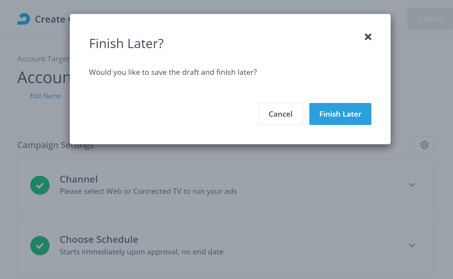Once you're done setting your campaign, scroll up to the top of the page and click Submit. You can also click Finish Later to save your campaign as a draft.
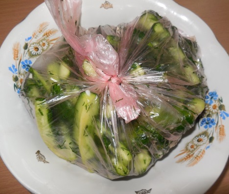 Теперь, осталось сложить их в обычный полиэтиленовый пакет и положить его на солнце (я кладу на подоконник) на полчаса. Под заготовку обязательно подставьте тарелку или миску, так как при засолке из огурцов будет выделяться сок, а в пакете может оказаться не заметная для глаза дырочка.
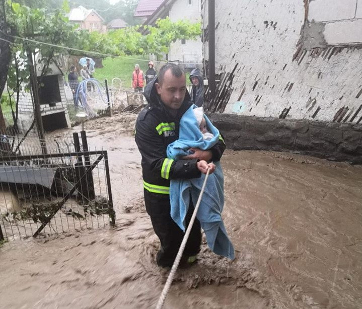 Un pompier fotografiat cu un bebeluş în braţe, la inundaţiile din Rodna, judeţul ...
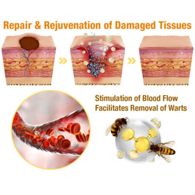 Another significant advantage of bee venom is its ability toย enhance blood circulation. It canย stimulates blood flow in the treated area, facilitating the removal of skin tags or warts byย promoting tissue regeneration and accelerating the healing process, aiding in theย repair and rejuvenation of damaged tissues.
============
Your assignment — Without the pictures, write out the whole listing above exactly as it appears.

Expected output —
Once you're done setting your campaign, scroll up to the top of the page and click Submit. You can also click Finish Later to save your campaign as a draft.
 Теперь, осталось сложить их в обычный полиэтиленовый пакет и положить его на солнце (я кладу на подоконник) на полчаса. Под заготовку обязательно подставьте тарелку или миску, так как при засолке из огурцов будет выделяться сок, а в пакете может оказаться не заметная для глаза дырочка.
 Un pompier fotografiat cu un bebeluş în braţe, la inundaţiile din Rodna, judeţul ...
 Another significant advantage of bee venom is its ability toย enhance blood circulation. It canย stimulates blood flow in the treated area, facilitating the removal of skin tags or warts byย promoting tissue regeneration and accelerating the healing process, aiding in theย repair and rejuvenation of damaged tissues.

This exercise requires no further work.